Process - when to update. The most underrated dimension. Cole put it precisely at OME: the hardest part of memory isn’t retrieving what you need, it’s updating the stale stuff in time. The classic risk - the agent digs up last quarter’s goals and takes them for current. Then memory doesn’t help, it hurts.

So it’s important to understand what exactly you put into memory and how you handle updates. I split it into two types. Static - what changes rarely: rules, style, how the project is built, stable facts about you; think it through once and don’t touch it for a long time. Dynamic - what lives its own life: quarterly goals, current priorities, task status. That’s what you shouldn’t dump into shared memory. Changing things are better kept in separate files, updated by hand, and reviewed periodically: a stale goal is better rewritten or flagged than left for the agent as a live fact. The very split into types removes the main pain - memory stops quietly slipping the past in as the present.

A separate layer is the memory the agent maintains itself, not you, on top of your files rather than instead of them. In Claude Code this is auto-memory: on by default since version 2.1.59, it lives in ~/.claude/projects/<project>/memory/, and the agent decides for itself what’s worth recording. And it doesn’t wait until the end of the session - it can capture something important right in the middle of work, at key moments; at startup only the first ~200 lines of the index MEMORY.md are pulled into context, the rest is read on demand. Codex has its own store (~/.codex/memories/, optional), Gemini an experimental one with manual confirmation. This is worth keeping in mind when you move: every harness has its own memory it maintains in parallel with your files. But it too is just files in a known folder, so if you want, you can take it and wire it into the new harness.

Starting in manual mode is fine here, and often even better. While you’re building memory up, top it off after every meaningful session or just ask the agent to record the takeaways, and turn the repeated action into an “update memory from the work” skill. That way you see for yourself what should change and when. And once the update logic settles, you put it on autopilot - a hook at the end of the session. Cole went further and built “dreaming”: on a schedule, a hook reads the daily log of all conversations and promotes the important bits into the main memory file - machine consolidation, the way the brain sorts thoughts in sleep. The industry moved the same way: Anthropic shipped its own dreaming for managed agents, and in academia the paper “Storage Is Not Memory” argues that meaning should be extracted not at ingestion but at retrieval, and events stored verbatim.

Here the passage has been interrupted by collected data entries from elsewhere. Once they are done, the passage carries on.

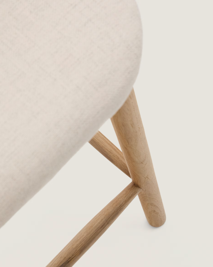 Helda to ręcznie wykonany hoker z litego drewna bukowego, który łączy ponadczasowy design z nowoczesnym komfortem. Jego naturalne wykończenie olejowane podkreśla piękno drewna i zapewnia długowieczność mebla. Siedzisko i oparcie zostały tapicerowane wodoodporną tkaniną szenilową, dzięki czemu Helda jest nie tylko elegancki, ale także praktyczny i łatwy w utrzymaniu.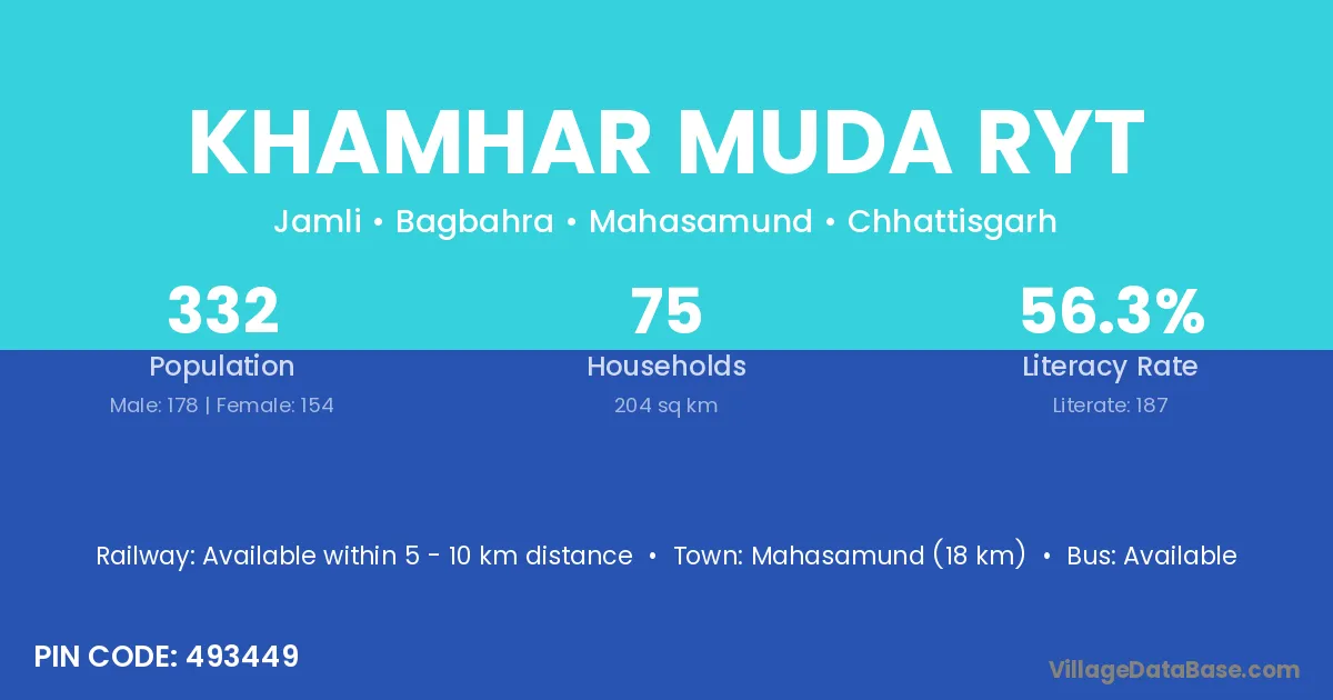 Khamhar Muda Ryt village has a total population of 332 people, of which 178 are males and 154 are females.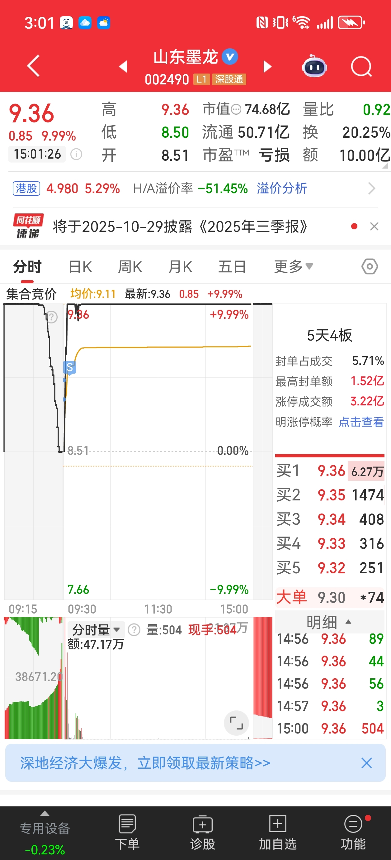大一新生5万创业炒股第二十九天,山东墨龙,气死我了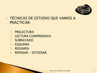 El documento describe seis técnicas de estudio: prelectura, lectura comprensiva, subrayado, esquema, resumen y repasar-estudiar. Explica que estas técnicas ayudan a mejorar el rendimiento académico mediante una lectura activa, organización de ideas y repaso regular.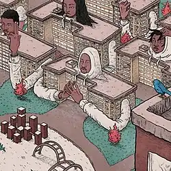 Brick Body Kids Still Daydream is the sixth studio album by Open Mike Eagle. It was released via Mello Music Group on September 15, 2017.[1] It includes guest appearances from Sammus and Has-Lo.[2] It is a concept album about the Robert Taylor Homes, a public housing project in Chicago, Illinois.[3] The cover art was illustrated by McKay Felt.[4] Music videos were created for "95 Radios",[5] "Brick Body Complex",[6] "No Selling (Uncle Butch Pretending It Don't Hurt)",[7] "Happy Wasteland Day",[8] and "Hymnal".[9] The album received widespread acclaim from critics and landed on several year-end lists.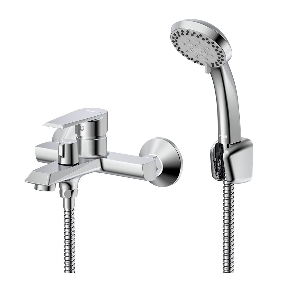 - Аксессуары в комплекте (5-функциональная лейка Ø85×195 мм, настенное крепление для лейки, душевой шланг 1,5 м)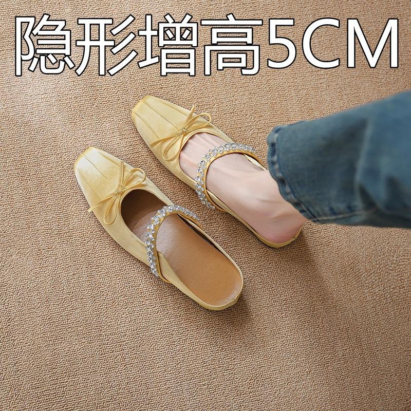 Silk Rhinestone Bow Square Head Heightening Bag Head Half Slippers Women Wear New Thick Heel Cool Slippers

Now about vector databases and graphs. In conversations about memory, almost the first thing that comes up is the question: which base to take - vector, graph? A vector database is a fast and cheap default, but for memory it’s weak: it works with chunks and is blind to relationships. It finds “similar in meaning”, while memory lives on exact facts and on relationships between entities that aren’t even named in the query - so for personal memory the vector regularly misses and quietly under-delivers what’s needed. A graph (and LightRAG as its convenient packaging) is genuinely more powerful on relationships, multi-hop, and “how it changed over time” questions, and indispensable in domains with rigid relationships - law, finance, medicine. But it’s a heavy tool: building the graph is slow and not cheap, maintenance is tedious, and for managing your own memory it’s most often overkill. Reach for it deliberately, for a specific task, not because “that’s what the videos say”. So the ladder is simple: start with markdown files and search over them (this lasts surprisingly long), add a vector when files stop coping, and a graph last. Memory should be exactly as complex as it needs to be.

And a separate thought about backups: you need to back up not just data but configuration. There was a loud case where a digital employee crashed and lost all its skills and its base, because they backed up “data only”. An agent’s config is a production artifact: skills, prompts, MCP config, sessions, memory. I keep all of it under git for exactly this reason.

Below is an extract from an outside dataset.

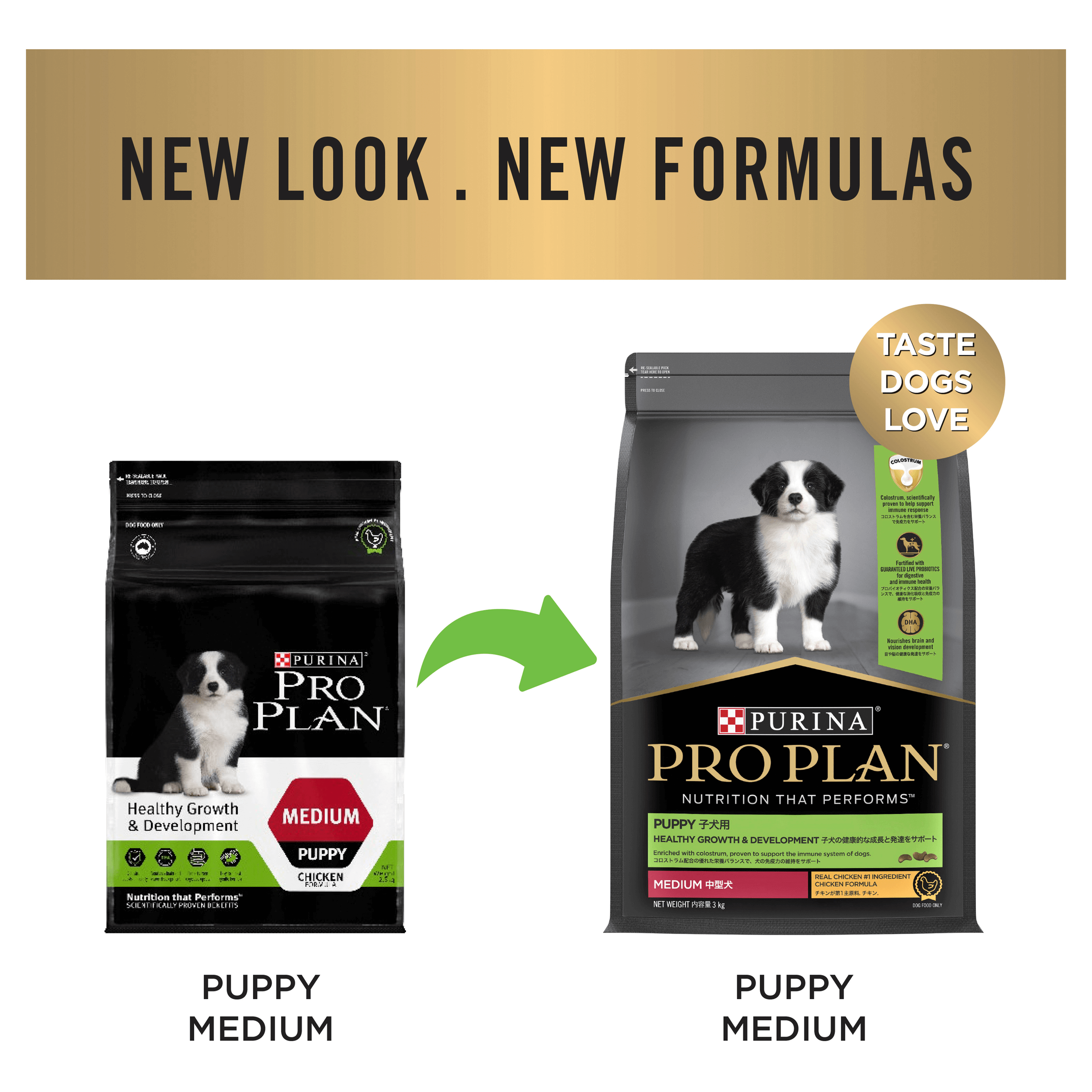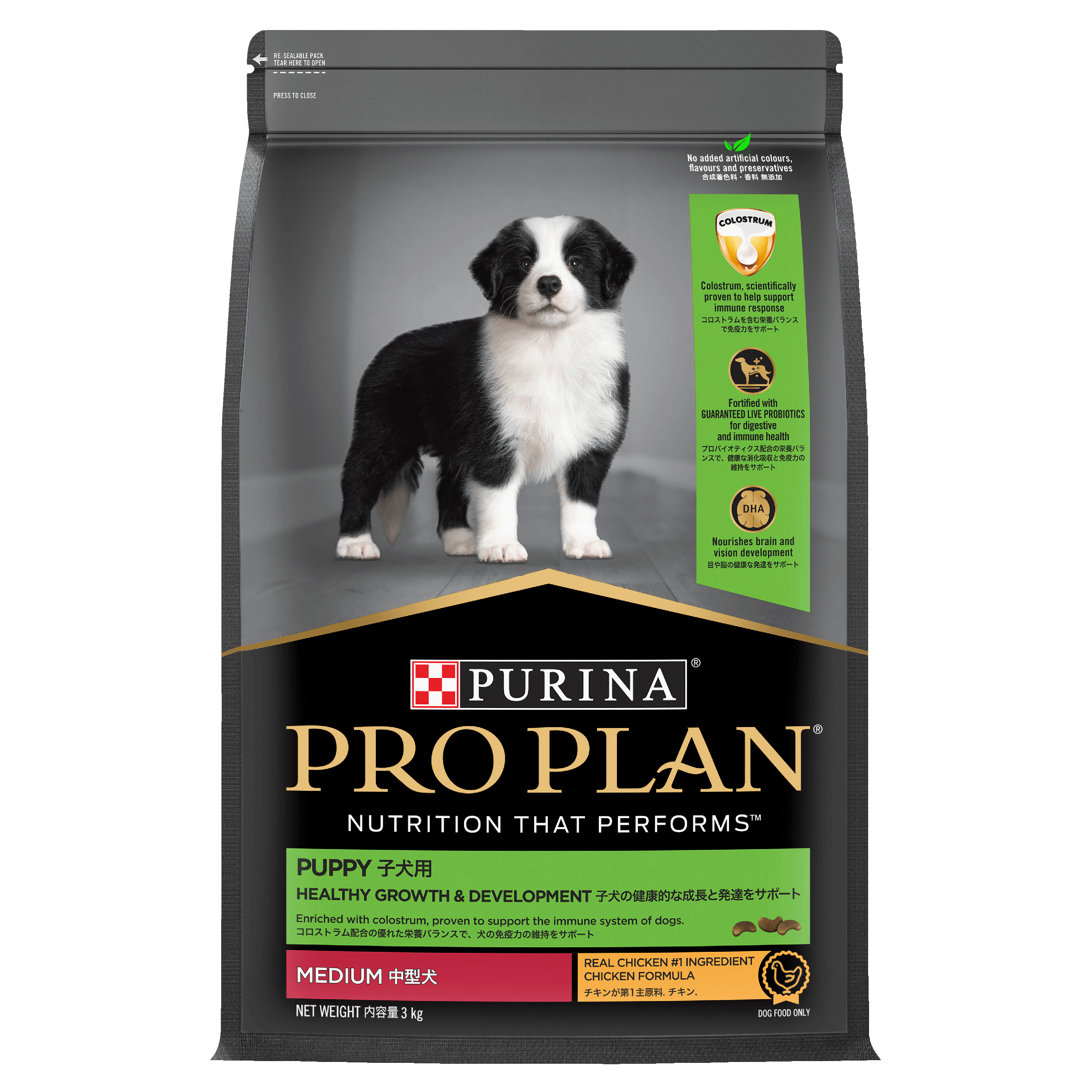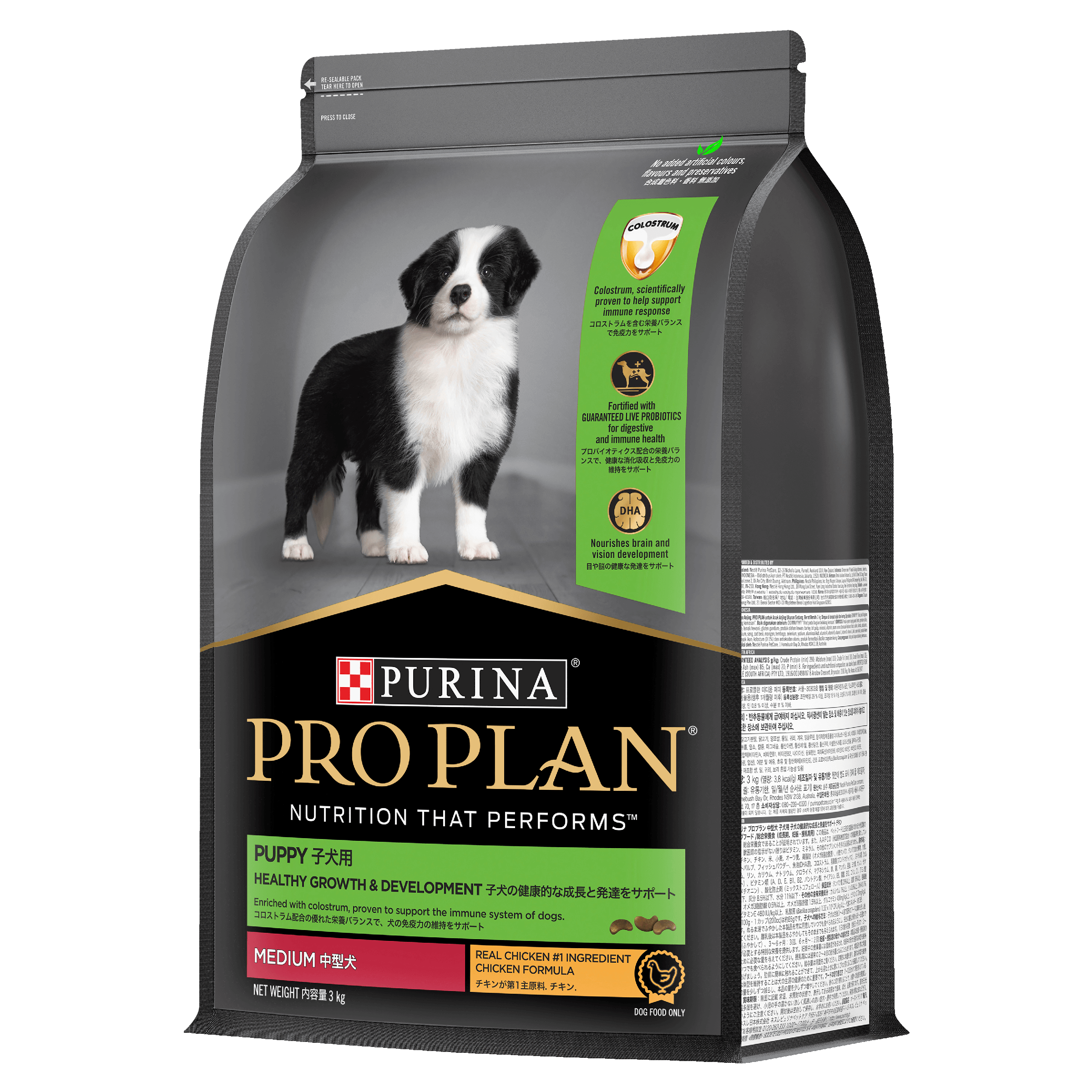 Prep your pup for a lifetime of vitality Proper nutrition, followed by the right care and cuddles, will help nurture your pup’s health and well-being. PRO PLAN® Healthy Growth and Development puppy food features a unique combination of live Probiotics and Colostrum. These innovative ingredients support the development of your puppy’s immature digestive and immune systems. Omega-6 fatty acids nourish that gorgeous new skin and fluffy coat. And a blend of other essential nutrients come together to help your pup thrive. DHA helps developing brains and eyes, while Calcium and Phosphorus help build strong bones and teeth. Fuel their lifetime of health and happiness with this premium puppy formula, tailor-made for their first year.

Skills - the second asset that moves with you

Alongside memory lives the second asset - skills. It’s a separate entity, not part of memory. A good formula: memory is what to remember, a skill is how to repeat it. Memory holds facts and decisions, a skill holds a reproducible procedure.

A skill is experience distilled into an instruction for the agent: how I prepare a PRD, how I write release notes, how I sort user feedback into tasks. You pack your years of practice into an instruction, and it stays yours. You just can’t write a solid skill in two weeks: it iterates on real tasks over months - some things fall away, some mature. I’ve already written in detail about skills as a replacement for the SaaS stack; here the more interesting angle is creation, maintenance, and portability.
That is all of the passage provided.